*What you need to do*.
Which lines run from the one containing "Pantalon flare Sonia" to the end of the material below? Retype exactly those, both ends included, and nothing else.

*Available records*.

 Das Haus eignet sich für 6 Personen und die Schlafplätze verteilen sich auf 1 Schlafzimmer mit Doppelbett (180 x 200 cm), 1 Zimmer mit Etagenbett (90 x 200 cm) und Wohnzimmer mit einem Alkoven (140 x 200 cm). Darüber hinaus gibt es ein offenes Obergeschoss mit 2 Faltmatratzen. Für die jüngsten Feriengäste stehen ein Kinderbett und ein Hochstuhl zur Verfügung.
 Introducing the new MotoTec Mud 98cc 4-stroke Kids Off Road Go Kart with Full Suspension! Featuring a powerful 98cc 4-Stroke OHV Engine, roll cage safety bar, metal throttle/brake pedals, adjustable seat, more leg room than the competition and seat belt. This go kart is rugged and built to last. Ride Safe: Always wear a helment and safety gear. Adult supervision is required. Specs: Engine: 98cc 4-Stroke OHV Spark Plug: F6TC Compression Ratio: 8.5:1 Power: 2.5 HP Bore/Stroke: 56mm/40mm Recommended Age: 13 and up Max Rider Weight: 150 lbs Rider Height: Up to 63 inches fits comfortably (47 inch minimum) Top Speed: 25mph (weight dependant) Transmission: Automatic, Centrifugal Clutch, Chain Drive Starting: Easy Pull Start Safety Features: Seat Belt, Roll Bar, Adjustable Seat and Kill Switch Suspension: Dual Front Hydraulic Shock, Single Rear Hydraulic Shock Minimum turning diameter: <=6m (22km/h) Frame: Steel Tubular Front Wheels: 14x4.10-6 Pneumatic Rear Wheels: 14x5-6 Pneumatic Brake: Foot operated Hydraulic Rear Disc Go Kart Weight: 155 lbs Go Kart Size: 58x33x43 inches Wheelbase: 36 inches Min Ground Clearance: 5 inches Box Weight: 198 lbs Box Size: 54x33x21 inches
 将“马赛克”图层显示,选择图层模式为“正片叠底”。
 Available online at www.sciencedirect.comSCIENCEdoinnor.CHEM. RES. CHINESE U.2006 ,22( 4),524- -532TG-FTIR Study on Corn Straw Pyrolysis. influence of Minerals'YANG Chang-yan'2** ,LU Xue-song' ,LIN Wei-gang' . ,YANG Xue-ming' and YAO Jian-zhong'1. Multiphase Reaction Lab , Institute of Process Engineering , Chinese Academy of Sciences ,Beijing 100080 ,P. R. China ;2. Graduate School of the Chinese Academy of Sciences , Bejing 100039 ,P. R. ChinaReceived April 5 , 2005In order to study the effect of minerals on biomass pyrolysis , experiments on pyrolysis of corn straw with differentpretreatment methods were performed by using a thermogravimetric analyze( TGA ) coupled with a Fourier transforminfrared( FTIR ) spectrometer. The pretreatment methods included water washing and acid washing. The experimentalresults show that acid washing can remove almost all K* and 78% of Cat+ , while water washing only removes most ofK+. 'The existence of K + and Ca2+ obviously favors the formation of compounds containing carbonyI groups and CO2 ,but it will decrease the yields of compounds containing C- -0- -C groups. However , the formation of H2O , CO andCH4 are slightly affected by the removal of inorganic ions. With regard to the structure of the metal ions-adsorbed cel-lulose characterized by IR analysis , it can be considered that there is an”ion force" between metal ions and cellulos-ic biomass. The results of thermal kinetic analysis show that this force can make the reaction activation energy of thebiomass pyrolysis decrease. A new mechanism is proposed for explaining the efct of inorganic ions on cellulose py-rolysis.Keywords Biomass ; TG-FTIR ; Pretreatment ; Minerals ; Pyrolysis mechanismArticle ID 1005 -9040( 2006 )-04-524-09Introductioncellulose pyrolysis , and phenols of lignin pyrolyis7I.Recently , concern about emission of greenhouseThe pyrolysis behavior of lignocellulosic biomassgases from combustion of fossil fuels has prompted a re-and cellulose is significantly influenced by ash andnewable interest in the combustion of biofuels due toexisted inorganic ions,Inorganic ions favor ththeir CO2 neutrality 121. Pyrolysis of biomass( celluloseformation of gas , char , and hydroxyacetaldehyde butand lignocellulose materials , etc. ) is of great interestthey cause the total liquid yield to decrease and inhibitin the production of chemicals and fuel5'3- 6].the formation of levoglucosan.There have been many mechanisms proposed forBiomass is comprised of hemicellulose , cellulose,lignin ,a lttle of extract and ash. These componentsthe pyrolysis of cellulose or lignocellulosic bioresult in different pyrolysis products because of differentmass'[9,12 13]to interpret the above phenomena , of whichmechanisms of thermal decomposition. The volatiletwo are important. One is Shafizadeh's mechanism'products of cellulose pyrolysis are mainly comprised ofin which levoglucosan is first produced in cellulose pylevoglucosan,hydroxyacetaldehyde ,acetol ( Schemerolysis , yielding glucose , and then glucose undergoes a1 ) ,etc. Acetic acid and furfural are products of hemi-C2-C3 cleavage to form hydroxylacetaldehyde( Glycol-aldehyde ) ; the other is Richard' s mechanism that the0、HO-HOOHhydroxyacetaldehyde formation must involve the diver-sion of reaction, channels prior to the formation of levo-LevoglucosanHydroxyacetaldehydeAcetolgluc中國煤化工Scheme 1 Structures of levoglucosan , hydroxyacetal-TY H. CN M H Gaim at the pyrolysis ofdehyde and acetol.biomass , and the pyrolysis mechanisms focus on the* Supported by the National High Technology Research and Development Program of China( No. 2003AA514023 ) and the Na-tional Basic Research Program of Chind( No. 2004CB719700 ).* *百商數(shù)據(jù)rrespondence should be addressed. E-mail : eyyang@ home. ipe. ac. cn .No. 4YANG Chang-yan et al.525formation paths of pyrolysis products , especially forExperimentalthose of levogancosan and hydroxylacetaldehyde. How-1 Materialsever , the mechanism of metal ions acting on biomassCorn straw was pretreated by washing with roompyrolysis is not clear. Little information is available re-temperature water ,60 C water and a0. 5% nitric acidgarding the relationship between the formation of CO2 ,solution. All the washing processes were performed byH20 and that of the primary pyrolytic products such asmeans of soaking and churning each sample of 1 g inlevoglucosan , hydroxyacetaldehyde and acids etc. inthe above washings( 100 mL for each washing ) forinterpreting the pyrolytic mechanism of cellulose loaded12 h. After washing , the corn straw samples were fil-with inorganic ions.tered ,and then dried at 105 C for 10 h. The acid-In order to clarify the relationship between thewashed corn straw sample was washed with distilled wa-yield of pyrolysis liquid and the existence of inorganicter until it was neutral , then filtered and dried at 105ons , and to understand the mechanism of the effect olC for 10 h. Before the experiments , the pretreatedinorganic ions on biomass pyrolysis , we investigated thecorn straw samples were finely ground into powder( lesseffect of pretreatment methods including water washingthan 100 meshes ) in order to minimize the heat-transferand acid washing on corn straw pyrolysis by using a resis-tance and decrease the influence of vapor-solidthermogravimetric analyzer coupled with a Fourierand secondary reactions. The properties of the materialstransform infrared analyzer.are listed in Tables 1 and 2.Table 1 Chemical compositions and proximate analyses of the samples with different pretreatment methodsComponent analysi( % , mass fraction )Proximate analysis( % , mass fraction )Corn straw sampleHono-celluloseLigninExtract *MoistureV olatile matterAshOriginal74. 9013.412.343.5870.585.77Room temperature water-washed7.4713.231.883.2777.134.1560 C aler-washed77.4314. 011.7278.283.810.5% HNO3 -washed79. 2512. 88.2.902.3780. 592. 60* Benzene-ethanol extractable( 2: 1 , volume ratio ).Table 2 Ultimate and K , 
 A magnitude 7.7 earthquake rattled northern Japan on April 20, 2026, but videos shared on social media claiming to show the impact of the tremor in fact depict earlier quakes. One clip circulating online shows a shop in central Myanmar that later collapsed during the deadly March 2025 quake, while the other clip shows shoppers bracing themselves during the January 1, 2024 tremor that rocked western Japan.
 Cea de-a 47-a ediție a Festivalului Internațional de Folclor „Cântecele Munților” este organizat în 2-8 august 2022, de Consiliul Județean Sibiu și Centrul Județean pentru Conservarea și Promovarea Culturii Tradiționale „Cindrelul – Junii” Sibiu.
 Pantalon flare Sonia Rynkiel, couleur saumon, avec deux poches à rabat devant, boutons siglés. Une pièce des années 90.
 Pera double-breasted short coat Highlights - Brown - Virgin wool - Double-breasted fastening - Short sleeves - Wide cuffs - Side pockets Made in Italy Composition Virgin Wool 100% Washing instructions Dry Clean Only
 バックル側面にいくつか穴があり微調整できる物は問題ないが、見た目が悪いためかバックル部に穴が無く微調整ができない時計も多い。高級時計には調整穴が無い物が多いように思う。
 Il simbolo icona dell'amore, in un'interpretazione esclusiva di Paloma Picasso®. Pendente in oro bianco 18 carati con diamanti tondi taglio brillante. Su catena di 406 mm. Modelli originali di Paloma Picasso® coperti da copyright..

*Reply*.
 Pantalon flare Sonia Rynkiel, couleur saumon, avec deux poches à rabat devant, boutons siglés. Une pièce des années 90.
 Pera double-breasted short coat Highlights - Brown - Virgin wool - Double-breasted fastening - Short sleeves - Wide cuffs - Side pockets Made in Italy Composition Virgin Wool 100% Washing instructions Dry Clean Only
 バックル側面にいくつか穴があり微調整できる物は問題ないが、見た目が悪いためかバックル部に穴が無く微調整ができない時計も多い。高級時計には調整穴が無い物が多いように思う。
 Il simbolo icona dell'amore, in un'interpretazione esclusiva di Paloma Picasso®. Pendente in oro bianco 18 carati con diamanti tondi taglio brillante. Su catena di 406 mm. Modelli originali di Paloma Picasso® coperti da copyright..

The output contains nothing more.